Bull erzielte im Geschäftsjahr 2008 weltweit einen Umsatz von etwas über 1,1 Mrd. Euro und hat an die 8.000 Mitarbeiter. In Österreich sind bei Bull 40 Mitarbeiter beschäftigt, die von vier Standorten aus (Wien, Linz, Graz und Klagenfurt) den Markt betreuen. "Die Bull GmbH Österreich ist Gesamtlösungsanbieter im IT-Infrastrukturbereich", so Erich Strobl, COO der österreichischen Bull GmbH. "Unser Fokus liegt derzeit sehr stark auf dem Storagethema und der Virtualisierung."
Der Storage-Spezialist
Der kleine österreichische Markt und das vergleichsweise kleine Team erfordern einen zielgerichteten Einsatz von Ressourcen. Deshalb habe man, so Strobl, vor drei Jahren begonnen, sich auf Schwerpunkte wie Storage- und Serverkonsolidierung zu spezialisieren. "Das Storagegeschäft ist mit rund 40% vom Gesamtumsatz heute ein wichtiges Standbein und Neukundenbringer", so Strobl.
Auch werde der Beratungsansatz bei Storage immer wichtiger. Denn für viele Unternehmen beginne das Thema schon bei der grundsätzliche Frage: "Welche Daten haben wir überhaupt?" Außerdem versuchen die IT-Abteilungen, Kosten und Effizienz der IT-Infrastrukturen zu optimieren, anstatt lediglich die Speicherkapazitäten zu erweitern, so Strobl.
Immer wichtiger werde es auch, im Zuge einer Zentralisierung der Unternehmens-IT, andere Standorte in solche Konzepte einzubinden. Dabei hätten sich durch neue Technologien interessante neue Optionen ergeben. Strobl verweist in diesem Zusammenhang etwa auf Remote Backup-Lösungen, die vom erhöhten Bandbreitenvolumen und neuen Techniken wie der "Deduplizierung" profitieren. Die Deduplizierung ermöglicht das Erkennen von redundanten Daten und führt zu einem deutlich verringerten Datenvolumen.

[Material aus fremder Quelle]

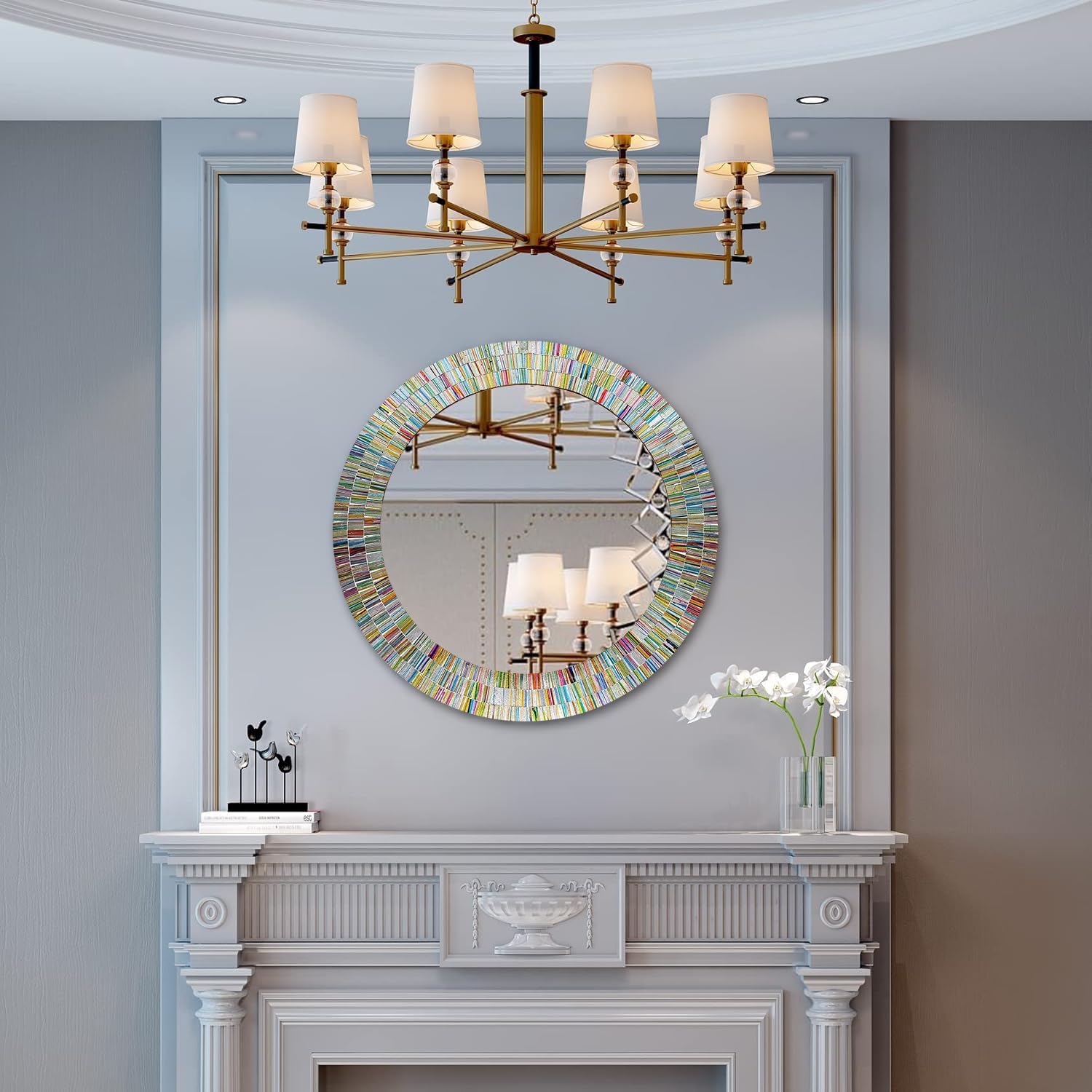 - 24" Round Decorative Wall Mosaic Mirror with Rainbow Colored Mosaic Glass Tile Frame
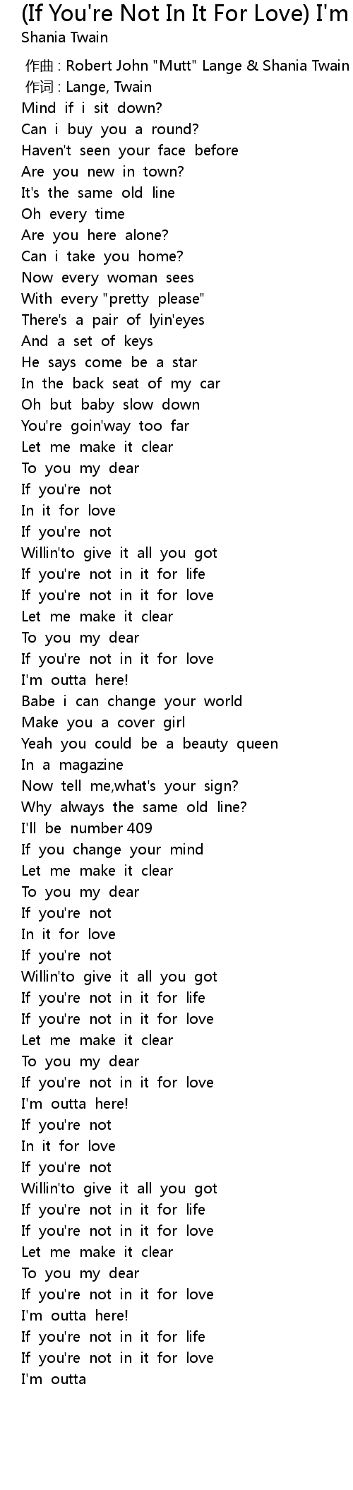 | [00:00.00] | 作曲 : Robert John "Mutt" Lange & Shania Twain |
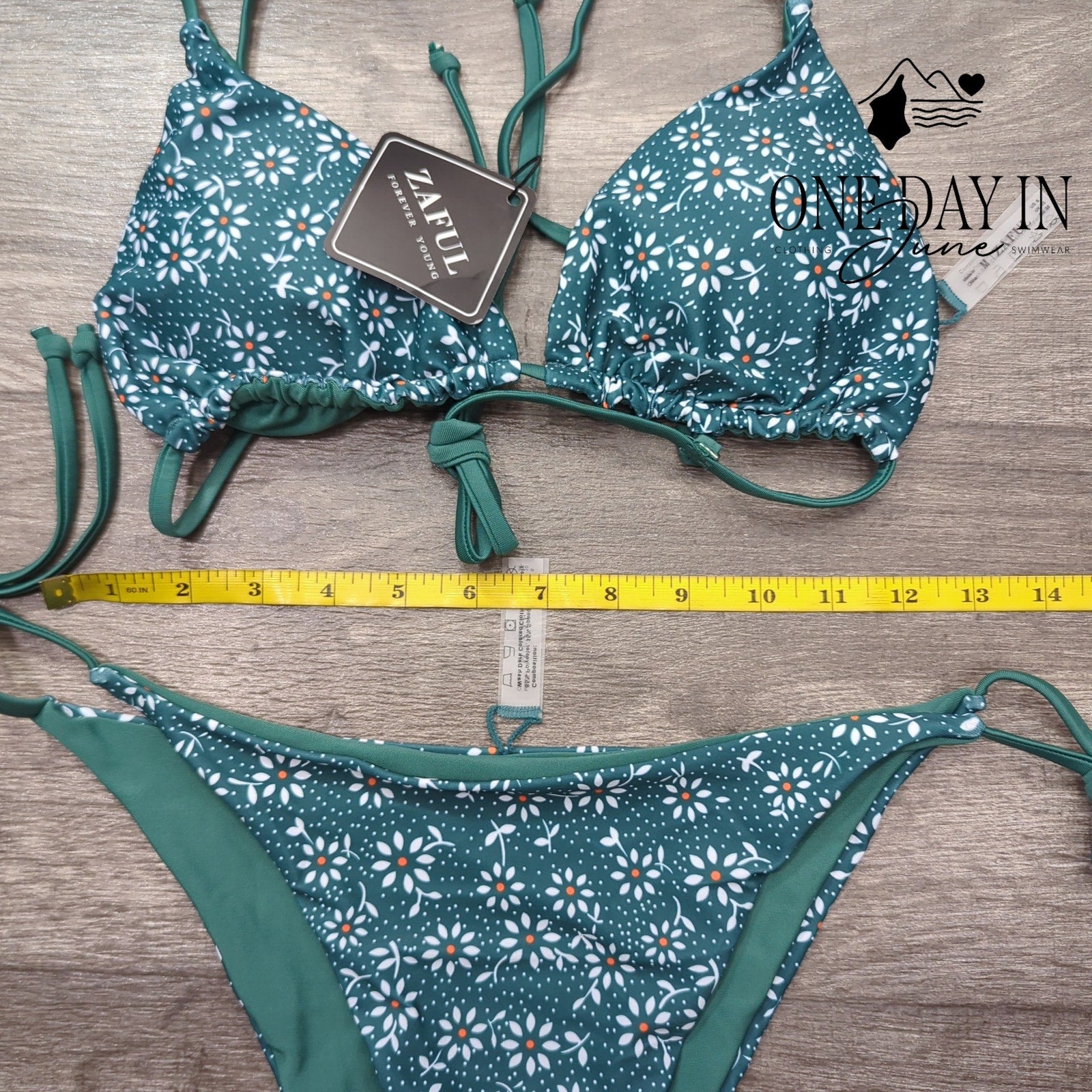 This emerald-green triangle bikini emerges from the depths of summer madness like a fever dream of poolside perfection, with tie-side bottoms that dance in the wind like tiny flags of rebellion against the tyranny of tan lines. The polyester-spandex blend stretches and moves with your body like liquid confidence, transforming any beach or backyard into your personal oasis of sun-drenched freedom. Brand new with tags still attached, this Zaful creation waits patiently to unleash its chlorinated chaos upon the world.
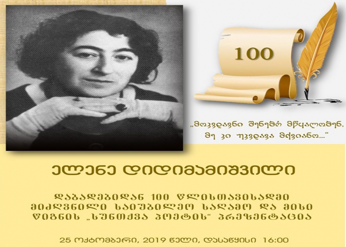 პარასკევს, 25 ოქტომბერს, 16:00 საათზე მესხეთის სახელმწიფო თეატრის მცირე დარბაზში, ელენე დიდიმამიშვილის დაბადებიდან 100 წლისთავისადმი მიძღვნილი საიუბილეო საღამო გაიმართება. ჩატარდება წიგნის „სუნთქვა პოეტის“ პრეზენტაციაზე.
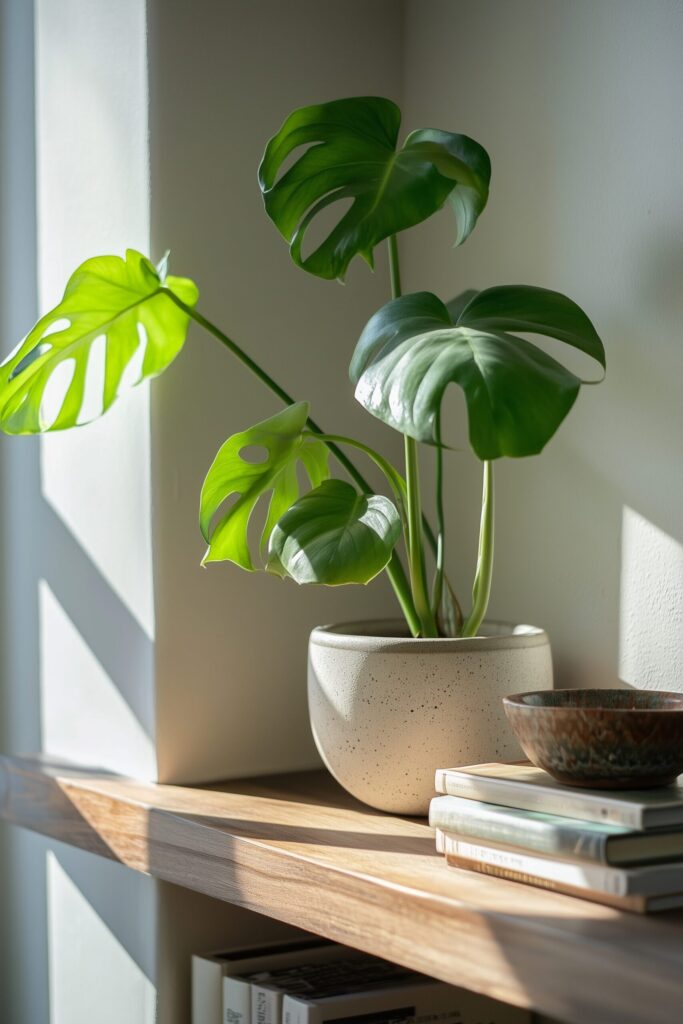 Window “stage”: place monster plant on the windowsill or a window bench with a short clear acrylic riser. Barrier for pets, drama for humans.
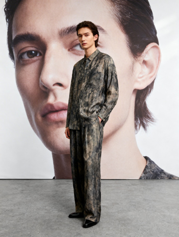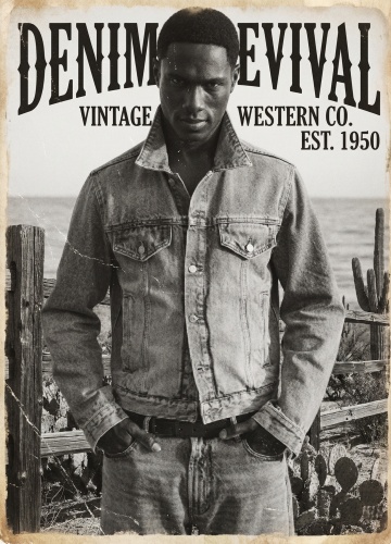 现代简约风格,融合时尚与商务感,抽象面料纹理彰显质感,人物与巨幅肖像呼应,营造潮流视觉张力。
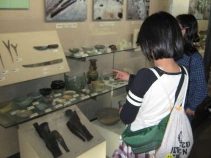 昔の遺跡から発掘されたたくさんのものが展示されています。資料館の方からも説明を聞きました。人間の知恵ってすごいですね。
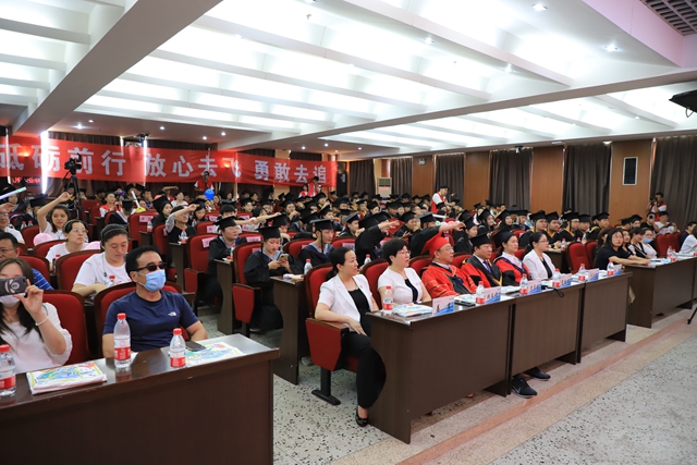 又一年,丁香花开;又一年,桃李芬芳。7月3日上午,学校2021届毕业生毕业典礼暨学位授予仪式在图书馆601报告厅隆重举行,共同庆祝1258名本科学生、196名专科学生顺利毕业。学校领导、学位评定委员会全体成员、各系(部)领导、教师代表、校友代表、毕业班辅导员及2021届毕业生和家长代表参加了典礼。本次典礼采用线下和线上抖音直播相结合的方式举行,近万名家长、校友、师生在线参会。伴随着学生们带来的歌曲闪唱《春暖花开》,毕业典礼拉开了序幕。
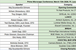 Prime Microcaps Conference Final Event Details | March 13, 2026
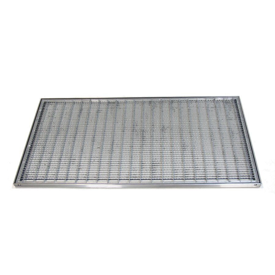 Rám pro zapuštění do podlahy je vyroben z hliníku, který je pevný a odolný vůči korozi, tedy má stejně jako ocelový rošt také velmi dlouhou životnost. Rám je potřeba zapustit do připraveného otvoru v podlaze a vyrovnat stěrkou, tak aby hliníkový profil a stěrka byla v rovině.
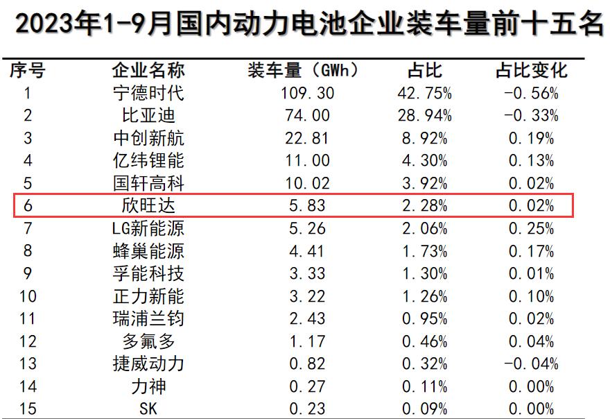 最新数据显示,今年1-9月,欣旺达动力电池装车量为5.83GWh,占比2.28%,排名国内第六位。
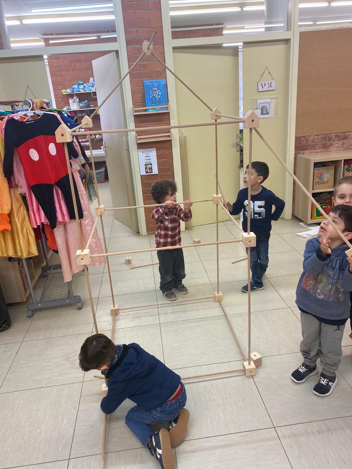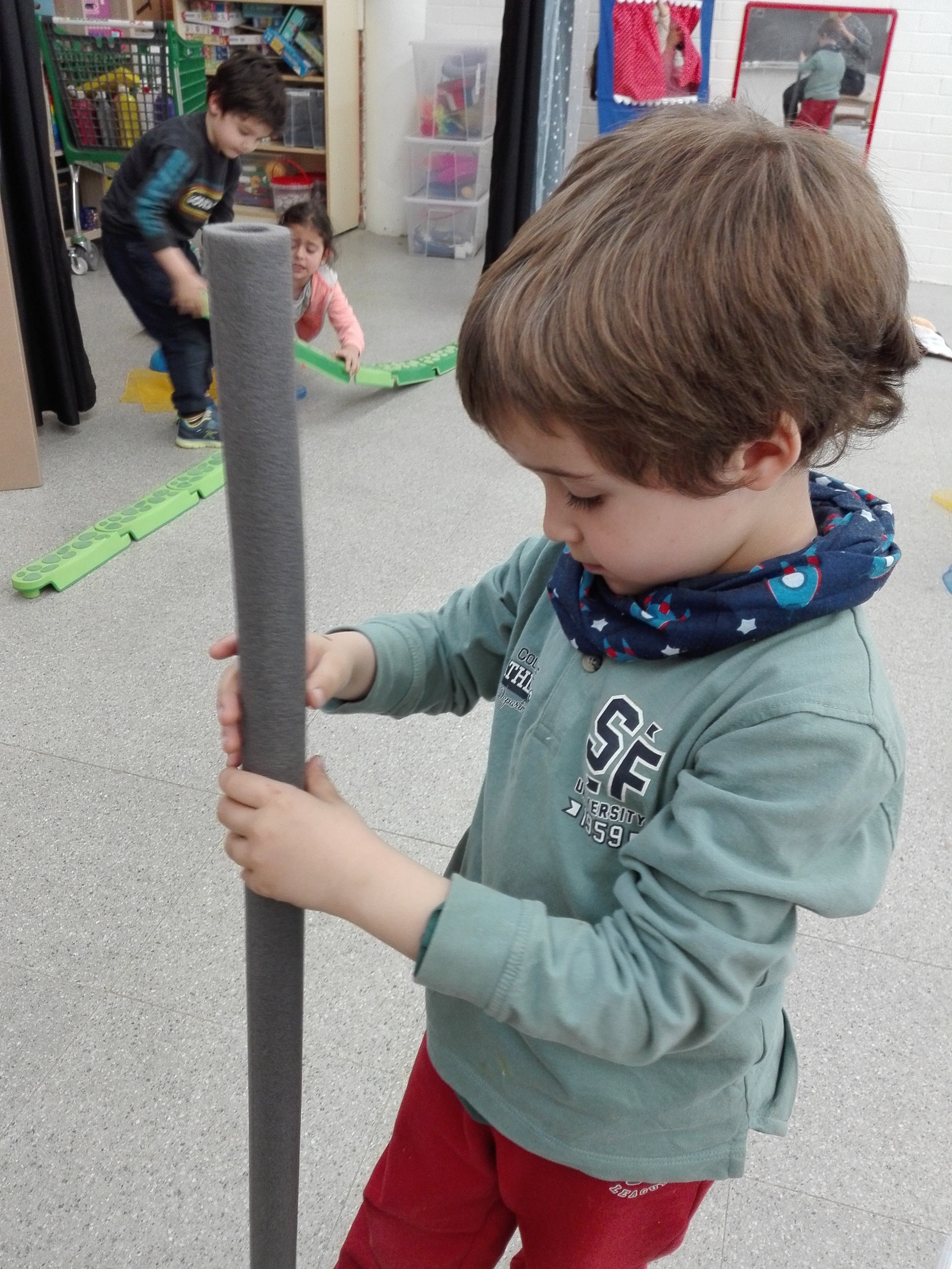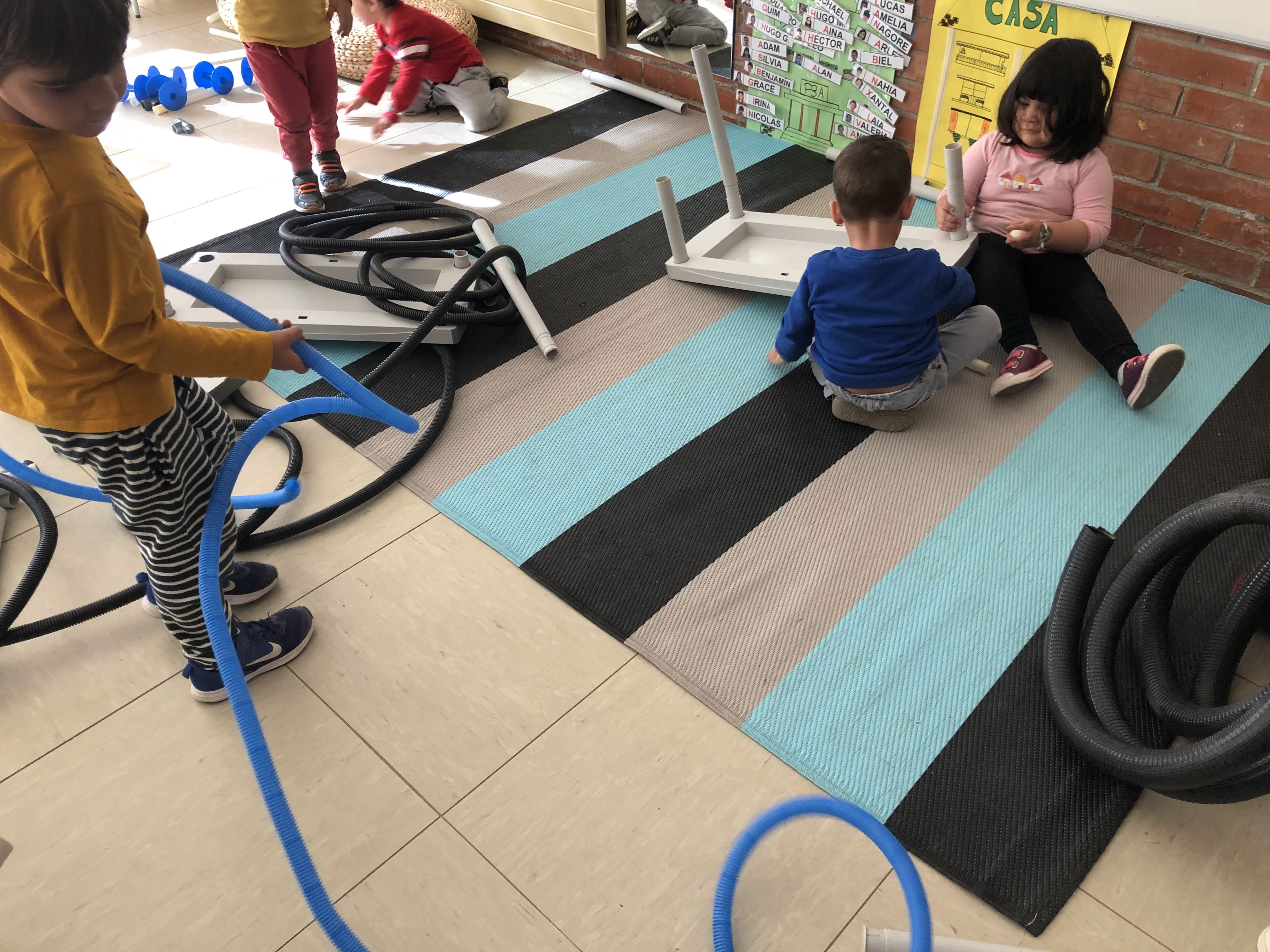 En aquest ambient els infants tenen a l’abast diferents tipus de materials, estructurats i no estructurats, de diferents mides i formes (peces de fusta, tubs de cartró…) per poder experimentar, jugar i manipular sense la directivitat de l’adult.

Im Storgeumfeld ist Bull unter anderem Partner von EMC, NetApp, Symantec. Das gesamte Storage-Portfolio hat man bei Bull unter der Marke "StoreWay" zusammengefasst. Eine neue, europaweite Kooperation mit GlassHouse Technologies umfasst zudem die Lieferung von Storage-Assessment-Services. "Die Services verbinden Speicherexpertise, -methoden und -tools und bieten eine praxisorientierte Beratung mit schnell messbaren Vorteilen auf der Basis kurzfristiger und fokussierter Problemlösungen", so Strobl.
Desktop Virtualisierung
Das zweite starke Standbein ist der Virtualisierungsbereich. Hier zeichne sich Desktop Virtualisierung als wichtiges Thema ab, meint Strobl, der zugleich auch auf das langjährige Citrix-Know-how von Bull verweist. Das Thema sei aber nicht ganz frei von Vorurteilen, erläutert er: "Der Anwender meint, er verliert mit dem eigenen PC sein Freiheit und in den IT-Abteilungen befürchtet man, bei verringertem Managementaufwand nicht mehr gebraucht zu werden."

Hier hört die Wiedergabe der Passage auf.